→ Given data
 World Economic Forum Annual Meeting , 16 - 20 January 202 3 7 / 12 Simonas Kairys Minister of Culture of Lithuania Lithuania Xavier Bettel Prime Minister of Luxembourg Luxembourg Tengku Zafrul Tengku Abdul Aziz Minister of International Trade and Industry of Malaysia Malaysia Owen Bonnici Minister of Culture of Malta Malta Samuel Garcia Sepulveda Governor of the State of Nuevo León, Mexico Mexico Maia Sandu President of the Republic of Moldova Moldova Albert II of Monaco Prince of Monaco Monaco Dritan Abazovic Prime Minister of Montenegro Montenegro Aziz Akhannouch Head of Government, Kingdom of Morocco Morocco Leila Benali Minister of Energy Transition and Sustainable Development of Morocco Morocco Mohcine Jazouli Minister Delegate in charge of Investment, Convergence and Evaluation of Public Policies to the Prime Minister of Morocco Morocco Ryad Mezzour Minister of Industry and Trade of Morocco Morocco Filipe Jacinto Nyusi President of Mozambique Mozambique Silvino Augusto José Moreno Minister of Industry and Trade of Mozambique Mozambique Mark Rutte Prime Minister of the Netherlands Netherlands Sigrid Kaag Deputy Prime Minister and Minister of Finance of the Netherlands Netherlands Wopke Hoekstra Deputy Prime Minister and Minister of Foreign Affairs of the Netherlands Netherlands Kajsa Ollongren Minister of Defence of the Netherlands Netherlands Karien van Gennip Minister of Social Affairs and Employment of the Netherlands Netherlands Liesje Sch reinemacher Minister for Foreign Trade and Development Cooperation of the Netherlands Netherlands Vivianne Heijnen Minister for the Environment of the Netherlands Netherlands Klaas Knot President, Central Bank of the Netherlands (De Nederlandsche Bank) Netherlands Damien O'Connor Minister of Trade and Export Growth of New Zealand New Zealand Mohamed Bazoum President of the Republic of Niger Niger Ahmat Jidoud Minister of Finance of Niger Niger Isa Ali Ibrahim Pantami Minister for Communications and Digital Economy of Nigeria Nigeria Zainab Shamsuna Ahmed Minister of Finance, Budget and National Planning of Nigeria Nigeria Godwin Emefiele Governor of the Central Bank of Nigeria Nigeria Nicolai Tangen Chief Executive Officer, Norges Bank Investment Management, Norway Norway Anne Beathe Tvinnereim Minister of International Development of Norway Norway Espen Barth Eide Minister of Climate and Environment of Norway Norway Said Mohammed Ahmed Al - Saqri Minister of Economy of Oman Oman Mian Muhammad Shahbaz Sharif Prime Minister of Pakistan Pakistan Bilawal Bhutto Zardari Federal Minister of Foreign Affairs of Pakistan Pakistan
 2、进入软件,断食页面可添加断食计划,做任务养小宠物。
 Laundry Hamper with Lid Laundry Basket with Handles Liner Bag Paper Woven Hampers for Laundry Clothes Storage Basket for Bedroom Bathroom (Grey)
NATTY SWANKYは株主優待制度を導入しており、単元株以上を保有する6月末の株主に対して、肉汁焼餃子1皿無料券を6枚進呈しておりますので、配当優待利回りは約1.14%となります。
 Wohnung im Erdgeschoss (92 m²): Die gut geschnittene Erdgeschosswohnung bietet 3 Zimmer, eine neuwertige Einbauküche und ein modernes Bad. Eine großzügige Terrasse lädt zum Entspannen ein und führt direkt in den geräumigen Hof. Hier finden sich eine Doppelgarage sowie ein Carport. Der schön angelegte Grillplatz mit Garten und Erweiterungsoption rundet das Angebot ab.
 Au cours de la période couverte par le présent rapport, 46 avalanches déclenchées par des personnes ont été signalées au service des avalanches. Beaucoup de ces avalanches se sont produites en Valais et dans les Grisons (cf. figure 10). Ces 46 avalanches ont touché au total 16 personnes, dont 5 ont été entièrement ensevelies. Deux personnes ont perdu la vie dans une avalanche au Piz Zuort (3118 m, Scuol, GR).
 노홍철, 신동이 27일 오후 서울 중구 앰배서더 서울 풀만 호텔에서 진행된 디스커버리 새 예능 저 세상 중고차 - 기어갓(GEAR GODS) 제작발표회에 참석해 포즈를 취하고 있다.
---
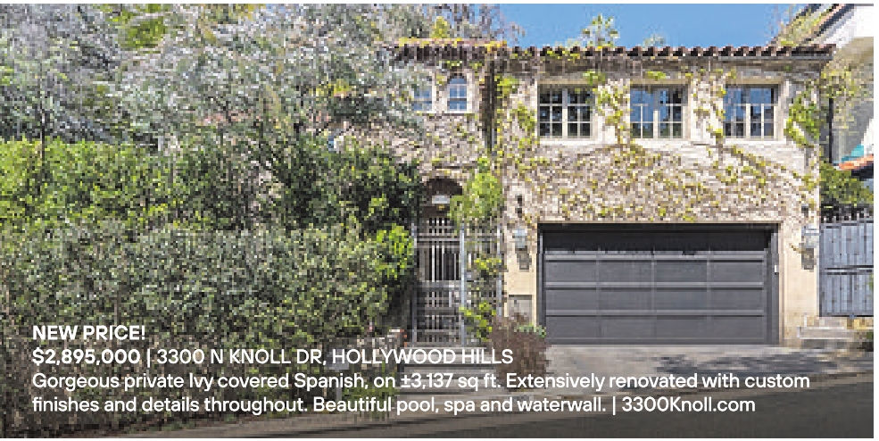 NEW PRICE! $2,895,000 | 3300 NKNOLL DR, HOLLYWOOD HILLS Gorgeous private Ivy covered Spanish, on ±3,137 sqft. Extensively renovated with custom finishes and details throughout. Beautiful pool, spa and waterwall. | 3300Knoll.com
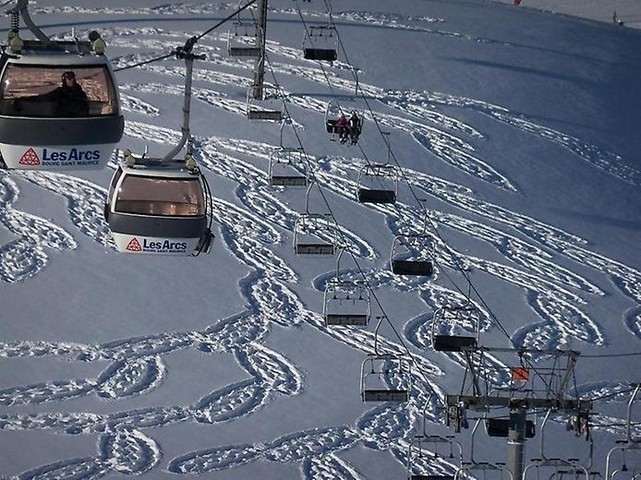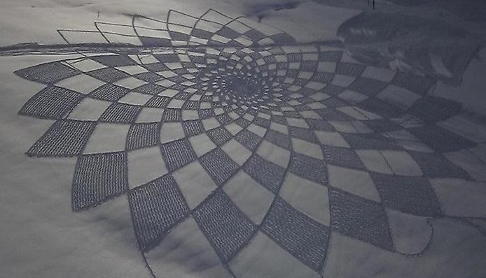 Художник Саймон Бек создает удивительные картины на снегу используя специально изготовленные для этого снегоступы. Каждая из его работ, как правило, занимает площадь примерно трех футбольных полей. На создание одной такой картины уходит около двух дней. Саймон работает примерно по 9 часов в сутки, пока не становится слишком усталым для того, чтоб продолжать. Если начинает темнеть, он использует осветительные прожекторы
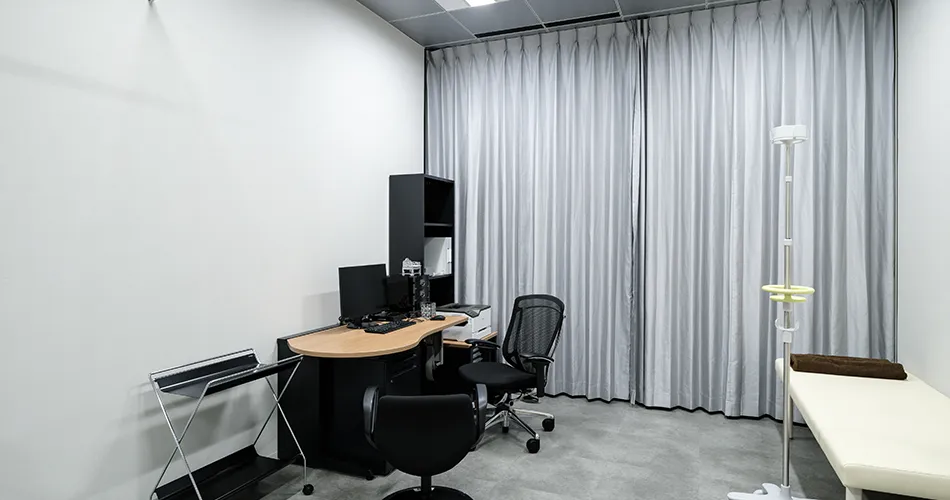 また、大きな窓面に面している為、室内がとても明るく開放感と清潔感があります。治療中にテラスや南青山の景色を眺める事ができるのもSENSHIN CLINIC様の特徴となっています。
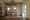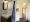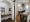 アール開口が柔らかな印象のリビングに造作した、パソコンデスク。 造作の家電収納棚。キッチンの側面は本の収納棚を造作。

→ Exercise goal
Can you repeat, word for word, every line above from the one containing "Laundry Hamper with" down to the one containing "NATTY SWANKYは株", including both?

→ Written solution
 Laundry Hamper with Lid Laundry Basket with Handles Liner Bag Paper Woven Hampers for Laundry Clothes Storage Basket for Bedroom Bathroom (Grey)
NATTY SWANKYは株主優待制度を導入しており、単元株以上を保有する6月末の株主に対して、肉汁焼餃子1皿無料券を6枚進呈しておりますので、配当優待利回りは約1.14%となります。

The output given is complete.